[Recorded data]

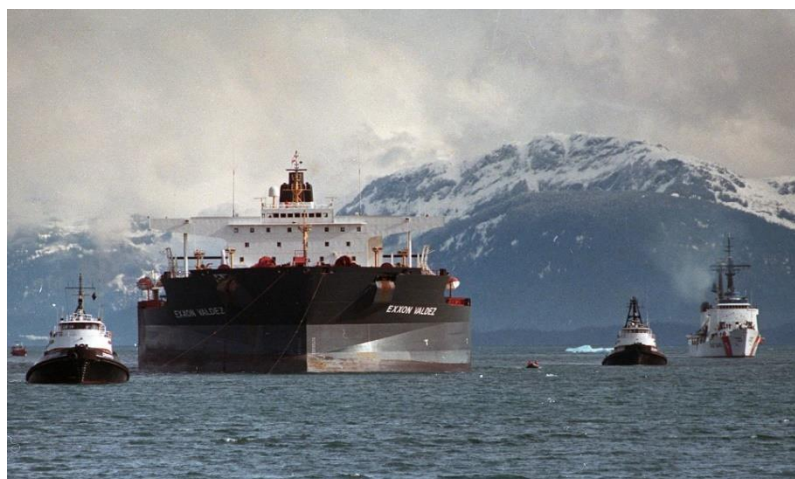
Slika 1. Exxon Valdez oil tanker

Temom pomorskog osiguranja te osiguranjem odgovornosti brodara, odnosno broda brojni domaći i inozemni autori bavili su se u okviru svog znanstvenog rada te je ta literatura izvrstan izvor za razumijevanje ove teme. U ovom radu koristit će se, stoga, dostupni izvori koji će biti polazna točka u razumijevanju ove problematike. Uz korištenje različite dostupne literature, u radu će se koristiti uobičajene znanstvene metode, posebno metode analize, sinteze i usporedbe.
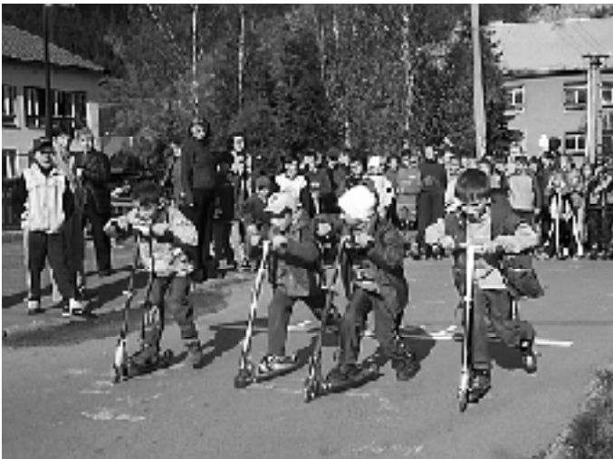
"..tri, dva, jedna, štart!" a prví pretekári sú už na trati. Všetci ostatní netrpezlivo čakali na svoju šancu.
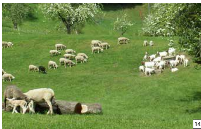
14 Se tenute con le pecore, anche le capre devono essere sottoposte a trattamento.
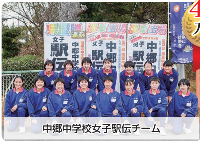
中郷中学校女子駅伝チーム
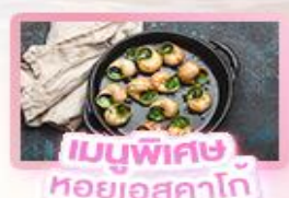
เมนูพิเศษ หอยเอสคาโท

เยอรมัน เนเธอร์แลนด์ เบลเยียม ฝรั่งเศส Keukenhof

Work instruction: Output nothing but the records above, word for word, with the pictures removed.

Written solution:
Slika 1. Exxon Valdez oil tanker

Temom pomorskog osiguranja te osiguranjem odgovornosti brodara, odnosno broda brojni domaći i inozemni autori bavili su se u okviru svog znanstvenog rada te je ta literatura izvrstan izvor za razumijevanje ove teme. U ovom radu koristit će se, stoga, dostupni izvori koji će biti polazna točka u razumijevanju ove problematike. Uz korištenje različite dostupne literature, u radu će se koristiti uobičajene znanstvene metode, posebno metode analize, sinteze i usporedbe.
"..tri, dva, jedna, štart!" a prví pretekári sú už na trati. Všetci ostatní netrpezlivo čakali na svoju šancu.
14 Se tenute con le pecore, anche le capre devono essere sottoposte a trattamento.
中郷中学校女子駅伝チーム
เมนูพิเศษ หอยเอสคาโท

เยอรมัน เนเธอร์แลนด์ เบลเยียม ฝรั่งเศส Keukenhof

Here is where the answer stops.